Шевандин мог просто приказать тому или другому бойцу, но риск был слишком велик, к тому же он не сомневался, что двое наверняка, вызовутся добровольцами – его друзья. Но Лейс пулемётчик, с его тяжёлым оружием быстро эти простреливаемые метры никак не преодолеть, потому оставался один. И он не заставил себя ждать.

- Я пойду, товарищ капитан, я сейчас,- Ренат Сибгатуллин замер в ожидании удобного момента для броска вперёд. Вот он рванулся, его литая фигура, казалось, почти стелилась по земле. Но уже через несколько секунд он вскрикнул от боли – это в бронежилет попала пуля, тут же вторая. Он не остановился, но бег замедлился, что позволило тем с высотки положить гранату из подствольника прямо ему под ноги. Сибгатуллин, рядом с которым возник сноп огня, со стоном упал, не добежав метров восемь.

Кузяев чуть не сорвал голос:

- Ренат, ты чего… ранен!? Если встать не можешь, ползи ко мне, не лежи там!

Но Сибгатуллин не двигался, уткнувшись головой в землю, он глухо стонал. А его с двух сторон «поливали» с высоток, стараясь попасть в места незащищённые бронежилетом и «сферой», то есть в руки, ноги, шею, лицо… Кузяев ничем не мог помочь товарищу и в бессильной ярости пытался вести огонь по боевикам, пробиравшимся вдоль обрыва в тыл разведгруппы. Но это у него не получалось, потому что стреляли и с высоток и несколько человек подбирались спереди. По нему выпустили несколько гранат с подствольников, но они ударились о валуны и отскочили, не причинив вреда.

            Прошло не более десяти минут боя, и будто никогда и не было свежей утренней тишины. Свист пуль, пороховая гарь, разрывы гранат, стоны лежащего на открытом пространстве Сибгатуллина. Он почему-то не мог говорить, и пытался ползти, с трудом передвигая перебитые руки и ноги. Шевандин с группой отстреливались, но из своей ложбины они могли с крайне малой эффективностью отвечать на огонь боевиков с высоток, больше они фактически ничего не видели. Надо было менять позицию, то есть отходить. Но бросить уже двух бойцов Шевандин тем более не мог.

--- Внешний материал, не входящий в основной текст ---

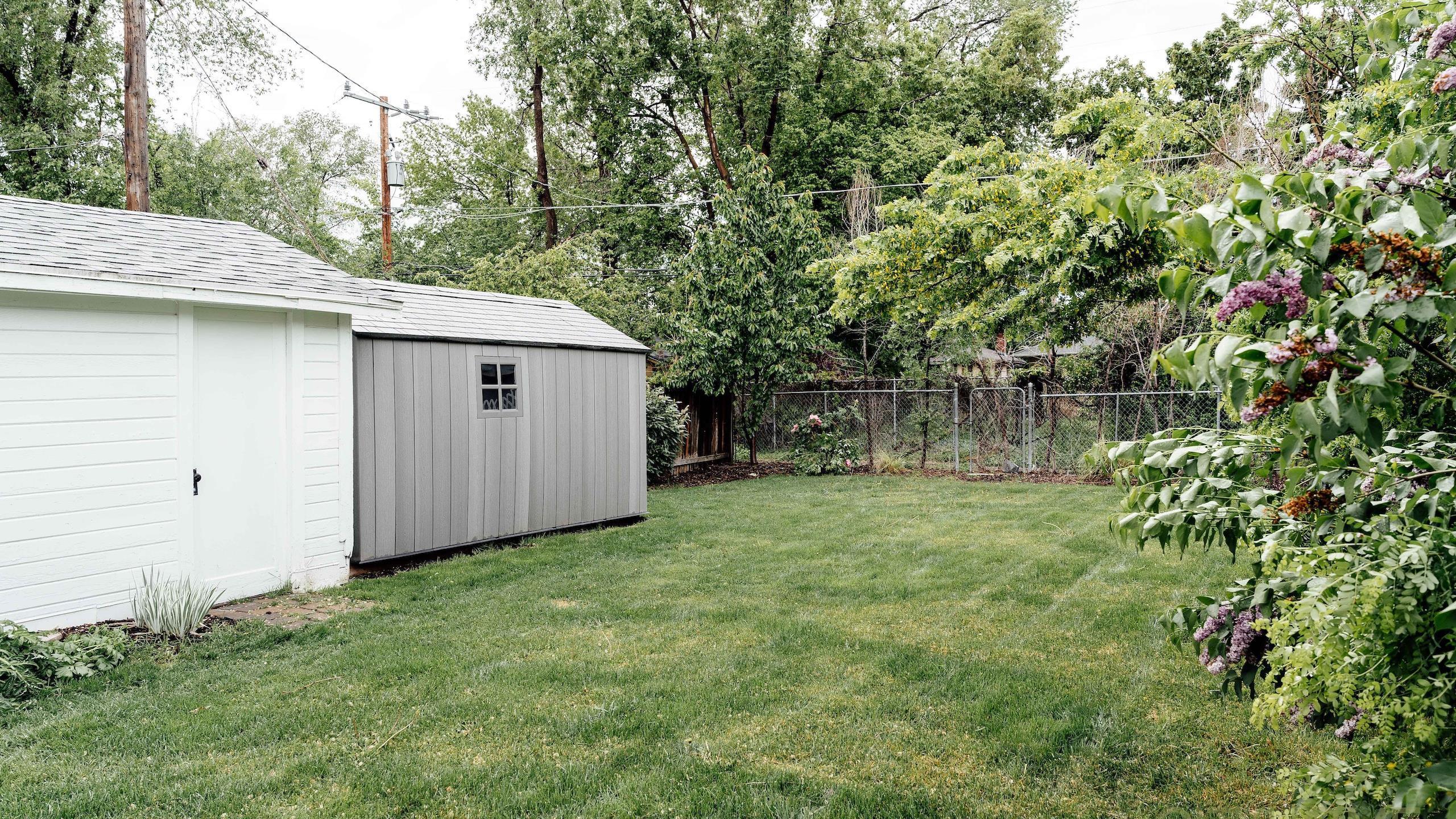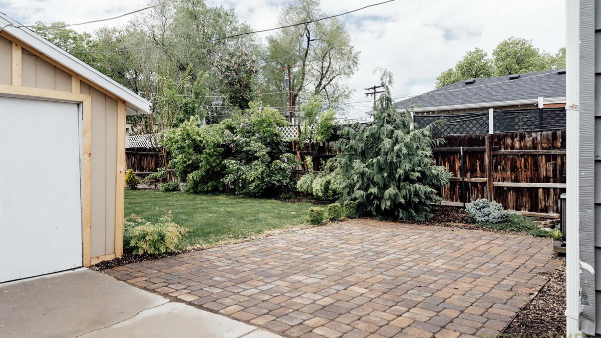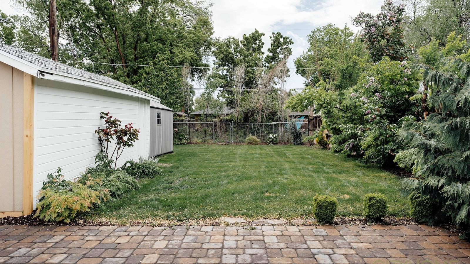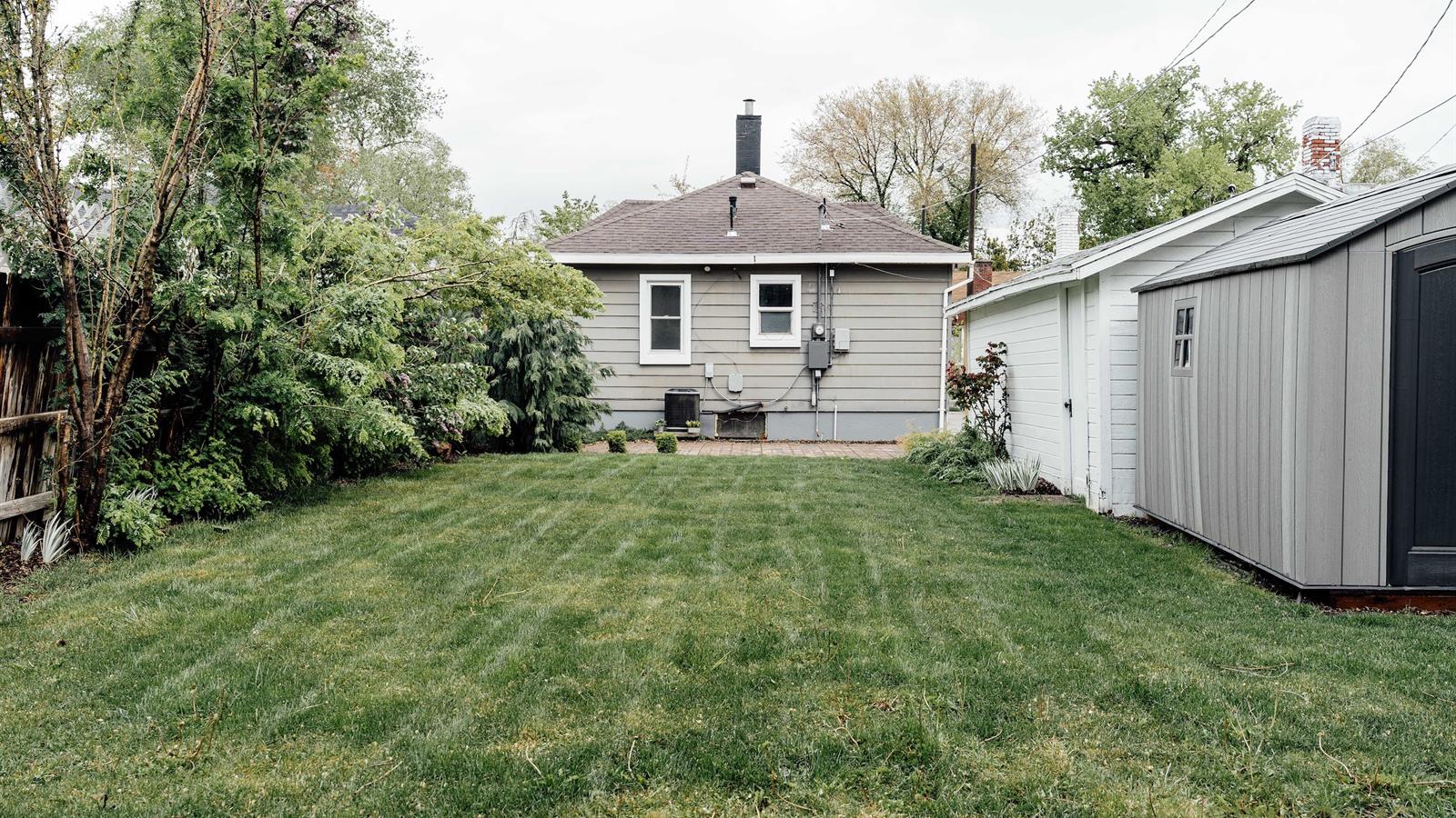 The front and back yard have lovely blooming peony flowers, Japanese pines and growing plants that frame the fence and home very nicely. The backyard also has a nice stone patio that reaches out to the grass where classic, projector movie nights have been had on the white painted garage.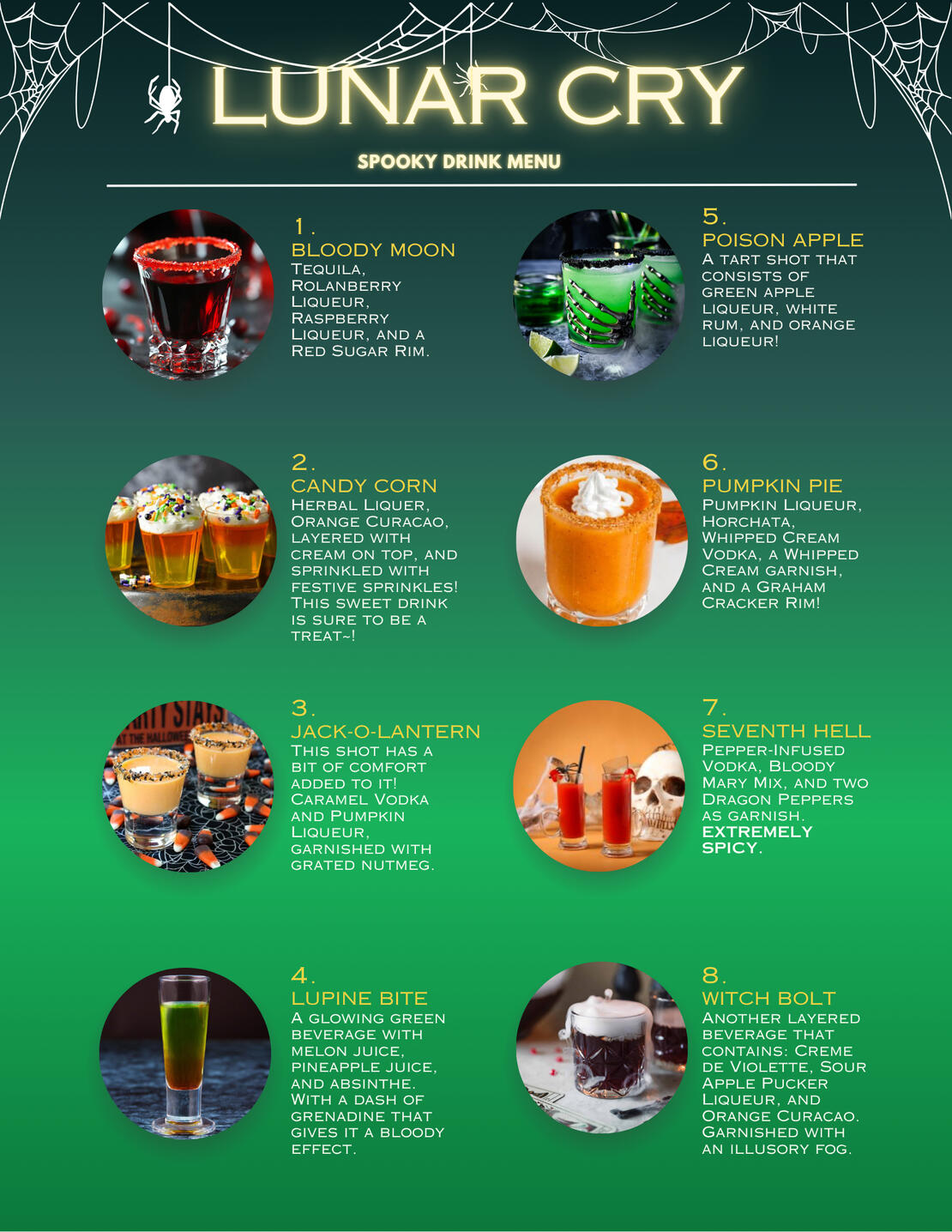 The upstairs of the Lunar Cry holds a bar centered around jazz & rock vibes, with various trinkets along the walls and on display. The upstairs lounge is meant to be on the more relaxed side, with a dimmed atmosphere and open seating for those who visit. At the back of the room would be the stage! Various events take place in the upstairs of the Cry, though centered around our most common; Open Mic Nights.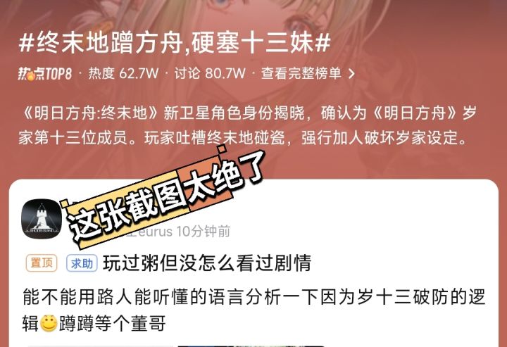 其二便是本家目前还没出完岁兽,第十三位的设定却在衍生作品《明日方舟:终末地》中率先落地,不少玩家因此破防认为这是本家剧情未填坑就挪给新作引流,伤害了本家角色厨的情感。
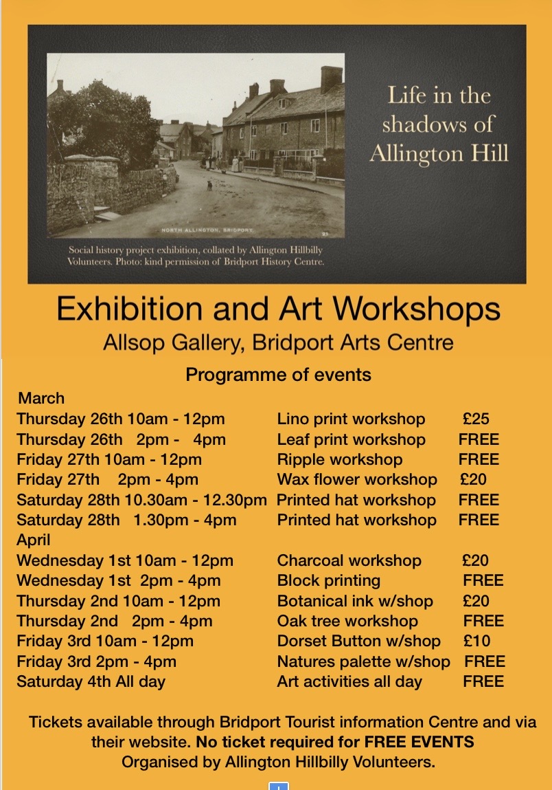 "Living in the shadows of Allington Hill" exhibition. "Nature in Art" A series of workshops for all ages. Allington Hillbilly Volunteer shop. |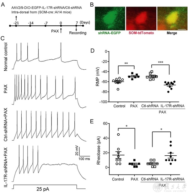 近年来,关于中枢神经系统IL-17在疼痛特别是病理性疼痛中的作用和调控机制研究较少,缺乏对其来源和调节机制的探索。张玉秋教授课题组首次发现,外源性给予IL-17显著增强脊髓背角浅层Somatostatin(SOM)阳性神经元的兴奋性突触后电流,同时可以抑制SOM阳性神经元的抑制性突触后电流;在紫杉醇诱导的神经病理性痛小鼠,脊髓背角星形胶质细胞合成和释放IL-17增加,SOM阳性神经元过度兴奋,出现与外源性IL-17处理类似的效应;特异性敲除脊髓背角SOM阳性神经元表达的IL-17受体(IL-17R)可翻转紫杉醇引起的SOM阳性神经元兴奋性增强,并有效地缓解化疗性神经病理痛,而在脊髓背角星形胶质细胞中过表达IL-17可以直接诱导机械性痛觉敏化。进一步研究发现,背根神经节初级感觉神经元上也表达IL-17R,由外周胶质细胞分泌的IL-17通过IL-17R增强初级感觉神经元的兴奋性也参与化疗痛的外周敏化。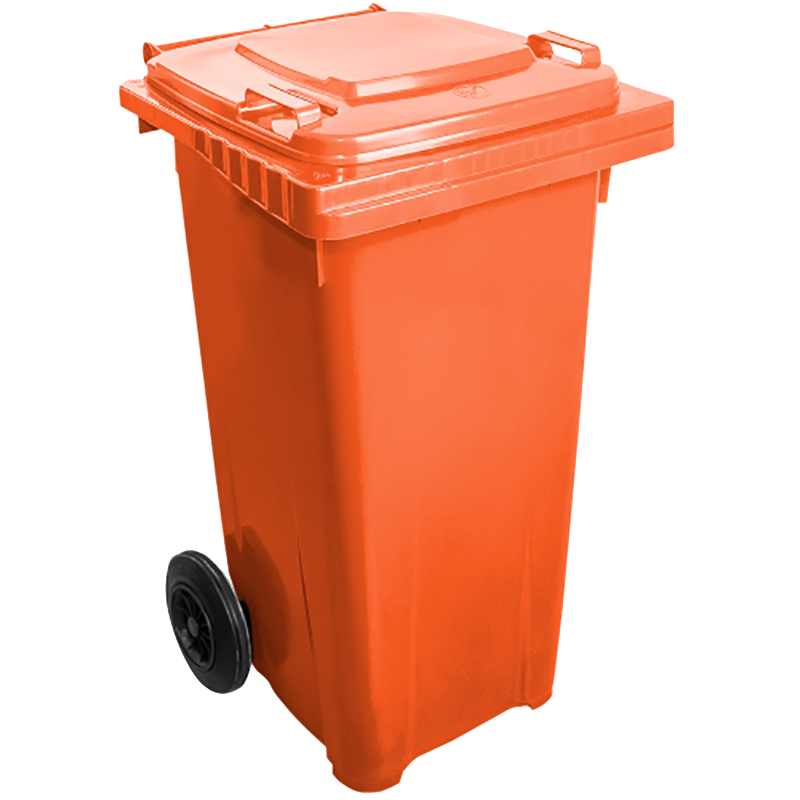 Бак для мусора на колесах с ручкой 120 л оранжевый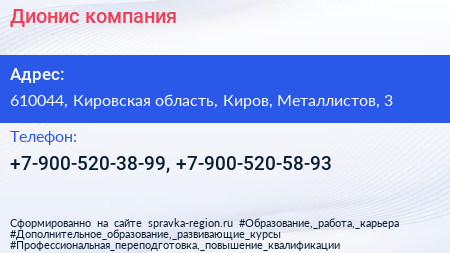 Дионис, компания по адресу 610044, Кировская область, Киров, Металлистов, 3 в дальнейшем Организация, размещена в следующих категориях: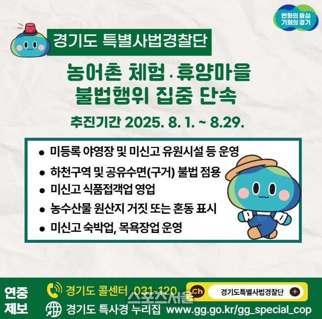 〔스포츠서울│수원=좌승훈기자〕경기도는 8월 한달 도내 124개 농어촌 체험·휴양마을에서 발생하는 다양한 불법행위를 집중 단속한다고 20일 밝혔다.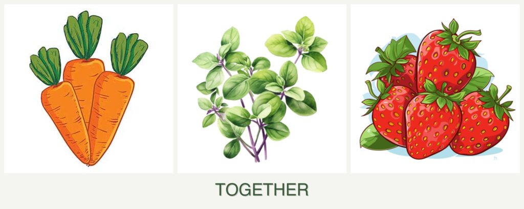 - Growth Requirements: Carrots grow underground, oregano spreads horizontally, and strawberries grow close to the ground, making them spatially compatible.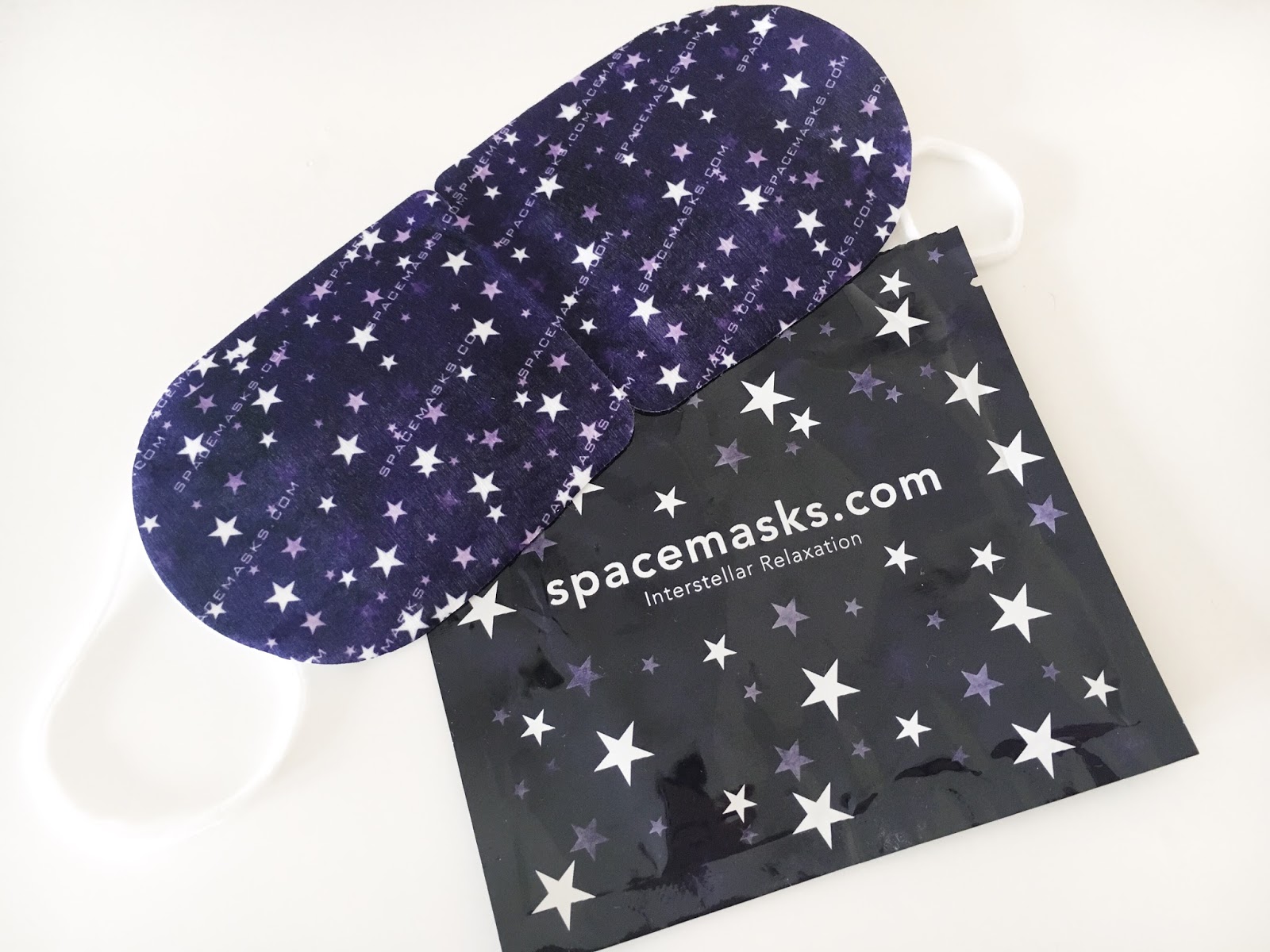 Spacemask is a self-heating eye mask, which is activated when removed from it’s little pouch. The mask unfolds and has a little loop on each side that goes behind your ears to secure the mask over your eyes.

Хотя окружение уже грозило всей группе гибелью или унизительным, скотским пленом, перед которым бледнели и гитлеровские и ГУЛАГовские лагеря. Капитан почти сразу по рации связался с основными силами отряда. Те и так уже слышали отзвуки боя и прибавили ходу. Но им предстояло ещё преодолеть очень крутой подъём и подойти раньше чем через двадцать-двадцать пять минут они не могли. Наверняка и боевики понимали, что сзади идут основные силы федералов. Но они уже потеряли минимум двух человек убитыми и уйти не отомстив… этого им не простили бы родственники погибших, их собственные родственники, ведь такие отряды как правило формировались по тейповому признаку. Они хоть кого-то обязаны были убить, а ещё лучше привести пленных, чтобы ритуально перерезать им глотки во дворах домов погибших шахидов, на глазах их родителей, братьев, сестёр… детей.

            Разведгруппу всё-таки обошли. Десантники заняли круговую оборону.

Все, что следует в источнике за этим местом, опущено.